Массивная фигура Вилли оплывает, черное дерево превращается в деготь.

— Не пудрите мне мозги, друг мой Лессер. Не доставляйте мне такого огорчения. Не задевайте моего самолюбия.

Лессер просит Вилли поверить в его добрую волю. — Я понимаю ваши чувства и могу поставить себя на ваше место.

Негр отвечает в холодном и надменном гневе:

— Ни один белокожий мудак не может поставить себя на мое место. Мы говорим о негритянской книге, а вы совсем не понимаете ее. Литература белых совсем не то, что литература черных, да и не может быть такой же.

— Нельзя отразить жизнь негров, просто записывая ее на бумаге.

— Негры — это не белые и никогда не будут белыми.

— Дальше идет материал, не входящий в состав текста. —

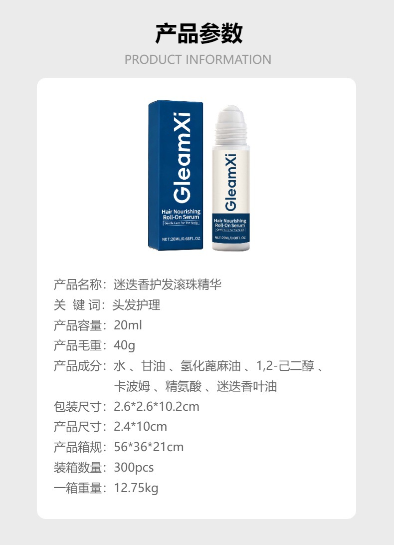 GleamXi 迷迭香护发滚珠精华 温和滋润头发柔顺轻盈秀发光泽头皮

Они раз и навсегда останутся черными. Тут не действует закон всеобщности, если на это вы намекаете. Мы с вами чувствуем по-разному. Вы не можете писать о неграх, потому что не имеете ни малейшего понятия о том, что мы собой представляем и что переживаем. У нас совсем другая кухня чувств, чем у вас. Усекли? Это должно быть так. Я пишу о душе чернокожего народа, я кричу, что мы по-прежнему остаемся рабами в этой блядской стране, но не намерены и дальше быть рабами. Можете вы это понять, Лессер, вашими белыми мозгами?

— Ну, мозги-то у вас тоже белые. Но если вы мучаетесь и стремитесь быть человечным, это трогает меня, ваш жизненный опыт становится моим. Вы сделали это. Вы можете отрицать закон всеобщности, Вилли, но вы не можете отменить его.

— Плевал я на вашу человечность. Она не дает вам никаких преимуществ, а уж нам-то и подавно.